On the legislative front, during the lame-duck session of Congress, a bill that would impose severe budgetary problems on the Judiciary by requiring a complete overhaul of the Case Management and Electronic Case Files (CM/ECF) system in the federal courts, without provision for adequate and sustainable funding, was passed by the House of Representatives. We were successful in obtaining removal of some, but not all, of the troublesome provisions in the bill in the House and in persuading the Senate to postpone action while additional information is gathered. Discussions about the bill will continue in the new Congress in 2021, and we were encouraged at the end of the year by House Majority Leader Steny Hoyer’s floor statement that we would “continue refining the bill in mutual discussions.” Those discussions will be better informed once a General Services Administration study on costs is completed. Recent cybersecurity breaches in government systems also may impact discussions of the breadth and budget of this legislation.
In closing, I am very grateful for the work of the AO and our 30,000 employees in the federal Judiciary over the past 15 years.

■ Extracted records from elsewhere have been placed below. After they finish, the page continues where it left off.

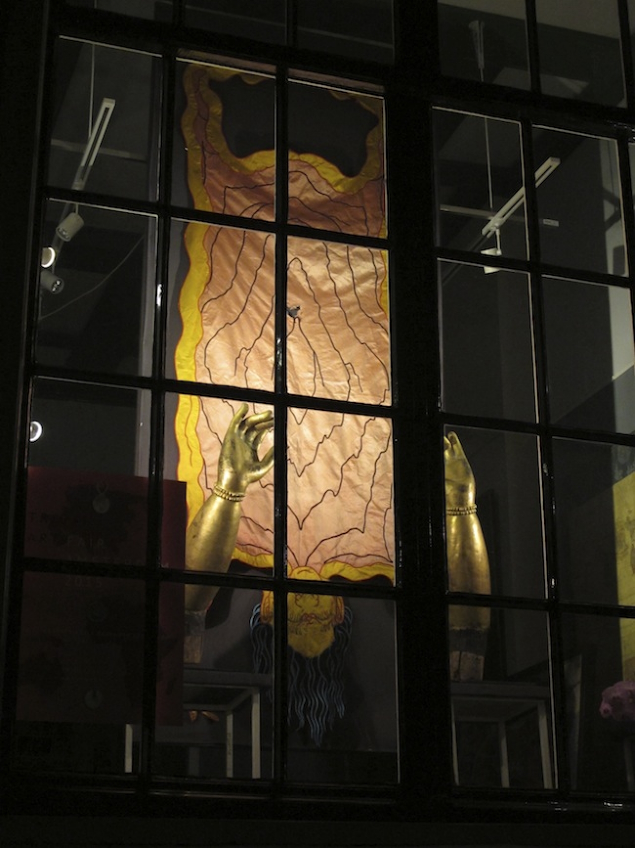 Desondanks huiver ik even van de menselijke botten, schedels en lachende doodskopjes in galerie Astamangala. In de etalage aan de Kiezersgracht hangt een vreemde roze lap stof die lijkt op een mens die met zijn hoofd naar beneden bungelt met een gat in het midden van zijn buik. Om meer te weten te komen over deze onbegrijpelijke voorstelling bel ik aan. Een vriendelijk, goedlachse man laat me binnen, Sjoerd de Vries, Tibetoloog, reiziger en gespecialiseerd in kunst uit het Himalaya gebied.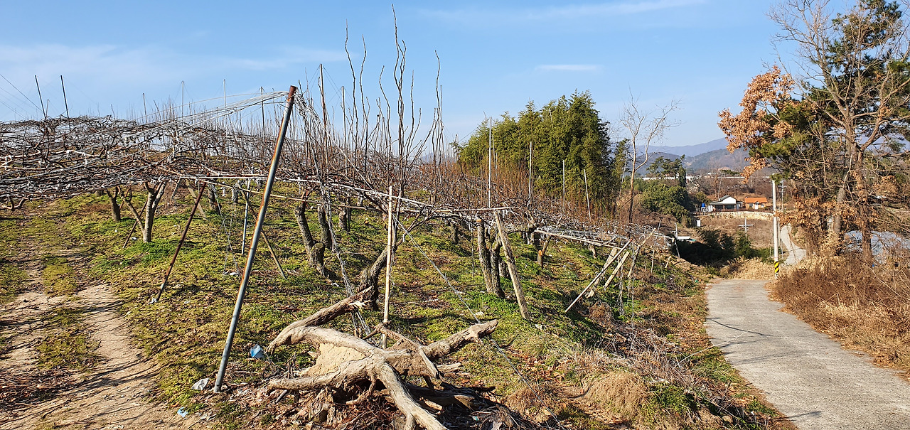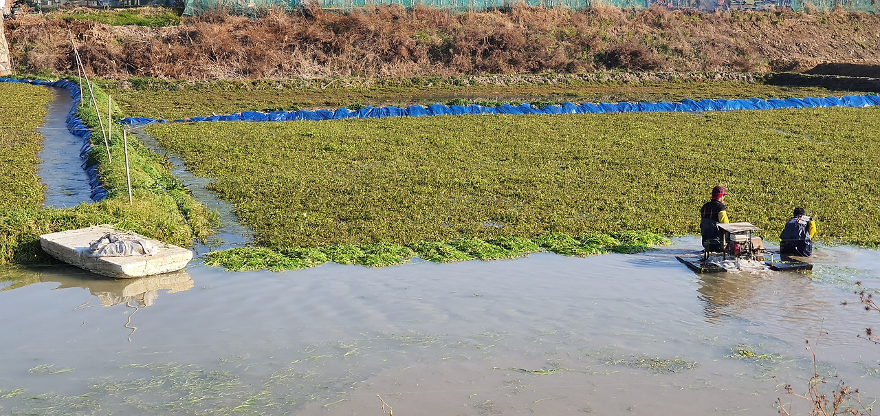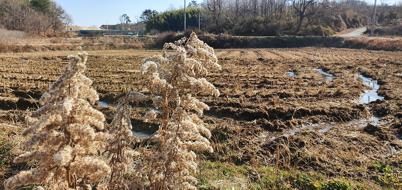 한겨울 미나리꽝에서 미나리 수확에 열중하고 있는 두 사람 길가에서 만난 배나무 과수원(좌). 물이 조금씩 차있는 논 가에는 햇살이 따뜻하다(우).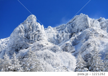厳冬の八ヶ岳連峰・横岳の岩峰と中央アルプス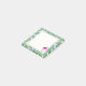 with a green tropical leaves pattern and a white frame with a black border layered over top. A pink flamingo illustration adds a touch of whimsy.

They have achieved many of our goals: They have significantly improved the integration of the work of the AO and the courts; they have instituted an aggressive five-year plan to enhance our auditing and financial oversight of the Judiciary’s finances; they have attained savings in our budget through cost containment initiatives; they have instituted improved workplace conduct processes and procedures; they have raised awareness of cybersecurity goals; and they have committed to providing an inclusive and diverse workplace environment, among many other achievements. By exercising sound management principles and exhibiting careful stewardship of the Branch, our employees have helped the Judiciary maintain its independence.
We are all delighted with Chief Justice Roberts’ appointment of Chief Judge Roslynn R. Mauskopf, of the Eastern District of New York, as the next Director of the Administrative Office of the U.S. Courts. She and Deputy Director Lee Ann Bennett will provide excellent leadership in the Branch as it faces new and ongoing challenges.